Think Big, Stay Positive and Work Together

As my career is winding down, the young people I teach at Selkirk College are just stepping into their work as environmental technologists.  These learners are smart, committed, and sensitive to all the pressures, responsibilities, and opportunities this field of work has to offer.  They give me such confidence in the future.  In some ways, I’m envious of the work ahead for them. Society is undergoing a paradigm shift in its relationship with the environment. Engagement in public land (97% of BC’s landbase) management is at an all time high. The values that were once seen as secondary to the economic potential of our forests and lands are shifting to the forefront.

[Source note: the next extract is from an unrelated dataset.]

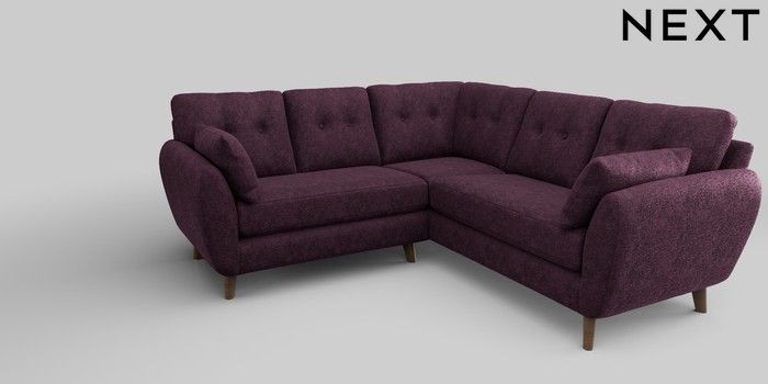 6.12.1 Buy Wilson Buttoned Back Small Corner Sofa - Universal Plush Chenille Dark Plum Purple Retro Tapered - Mid from the Next UK online shop Click here to use our accessible website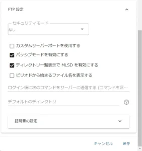 - ユーザー名:FTPサーバーにログインするユーザーアカウントを入力

Water, soil, biodiversity, fish, wildlife, recreation, cultural heritage, nature as a health provider and other values found in nature, are top of mind for many people in this province, and especially in the Columbia Basin. The recognition that a healthy environment translates to a healthy society is being understood and accepted all over the world. 

The shift in how we view nature is very much connected to the increased engagement with Indigenous peoples and perspectives connected to land and culture. Through the connections between western science, and Indigenous knowledge, we are finding alternate ways of answering questions on how to best protect our natural resources for generations to come. The diversity of thought will help guide us into a profoundly different way of looking at nature. 

In many ways, climate change has become a unifying force. In Columbia Basin Trust’s most recent Columbia Basin Management Plan, the people of the Basin asked that climate resiliency and Indigenous relationship building, be incorporated as an integrated priorities throughout the Trust’s work in the Basin. 

Last fall, the Trust launched the new Climate Resilience Program to support Basin communities in preparing for, responding to, and adapting to challenges associated with our changing environment. We know that local communities around the Columbia Basin care deeply about the environment and the impacts of climate change. We are so fortunate to have climate change experts who live in the Basin, along with engaged citizens that want to make a difference. Local entrepreneurs and educators are working hard to find innovative solutions to meet the unique challenges we face in the Basin. We need to continue to think big, stay positive, and work together to support a healthy environment for generations to come.